◆ **What to do**
Going down the listing below, print exactly each line from the one with "জানা গেছে, বাংলাদেশ" up to and including the one with "Summary of motion", and skip the rest.

◆ **Provided records**
--- START ---

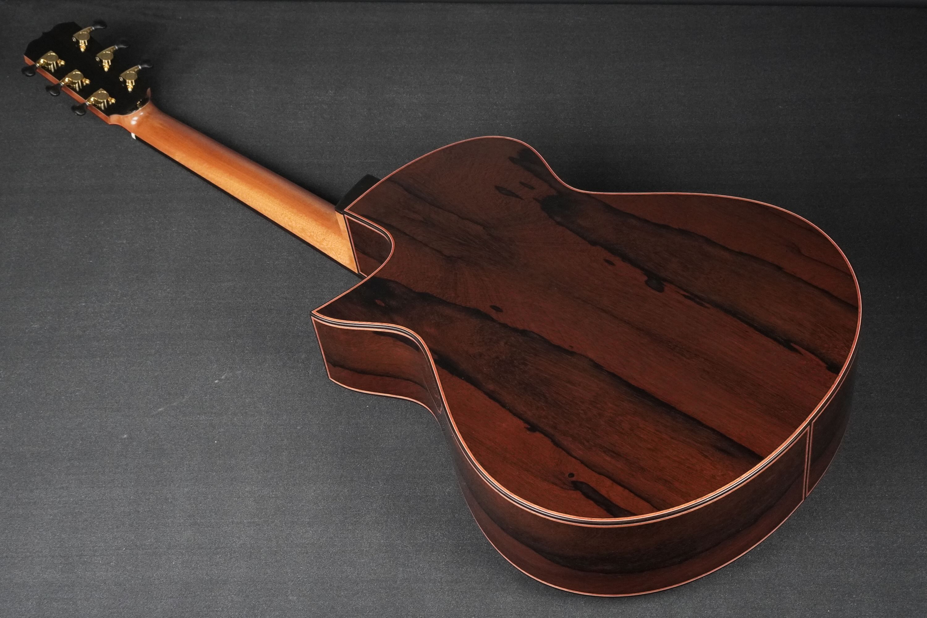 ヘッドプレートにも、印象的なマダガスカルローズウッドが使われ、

--- END ---
--- START ---

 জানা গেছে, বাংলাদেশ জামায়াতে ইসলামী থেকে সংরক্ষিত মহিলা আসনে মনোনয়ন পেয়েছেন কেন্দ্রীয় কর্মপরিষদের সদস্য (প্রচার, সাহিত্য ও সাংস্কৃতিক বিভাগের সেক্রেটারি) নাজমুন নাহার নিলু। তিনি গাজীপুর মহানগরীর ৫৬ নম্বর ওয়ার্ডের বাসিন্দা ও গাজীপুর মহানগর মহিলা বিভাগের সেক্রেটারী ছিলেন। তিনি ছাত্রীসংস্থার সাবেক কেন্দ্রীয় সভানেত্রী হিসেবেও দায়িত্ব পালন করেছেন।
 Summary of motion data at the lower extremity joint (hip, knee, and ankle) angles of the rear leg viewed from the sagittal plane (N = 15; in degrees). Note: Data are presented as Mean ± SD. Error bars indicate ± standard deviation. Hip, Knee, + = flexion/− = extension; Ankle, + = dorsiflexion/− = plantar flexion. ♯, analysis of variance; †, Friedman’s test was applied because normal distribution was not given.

--- END ---

◆ **Solution to this task**
 জানা গেছে, বাংলাদেশ জামায়াতে ইসলামী থেকে সংরক্ষিত মহিলা আসনে মনোনয়ন পেয়েছেন কেন্দ্রীয় কর্মপরিষদের সদস্য (প্রচার, সাহিত্য ও সাংস্কৃতিক বিভাগের সেক্রেটারি) নাজমুন নাহার নিলু। তিনি গাজীপুর মহানগরীর ৫৬ নম্বর ওয়ার্ডের বাসিন্দা ও গাজীপুর মহানগর মহিলা বিভাগের সেক্রেটারী ছিলেন। তিনি ছাত্রীসংস্থার সাবেক কেন্দ্রীয় সভানেত্রী হিসেবেও দায়িত্ব পালন করেছেন।
 Summary of motion data at the lower extremity joint (hip, knee, and ankle) angles of the rear leg viewed from the sagittal plane (N = 15; in degrees). Note: Data are presented as Mean ± SD. Error bars indicate ± standard deviation. Hip, Knee, + = flexion/− = extension; Ankle, + = dorsiflexion/− = plantar flexion. ♯, analysis of variance; †, Friedman’s test was applied because normal distribution was not given.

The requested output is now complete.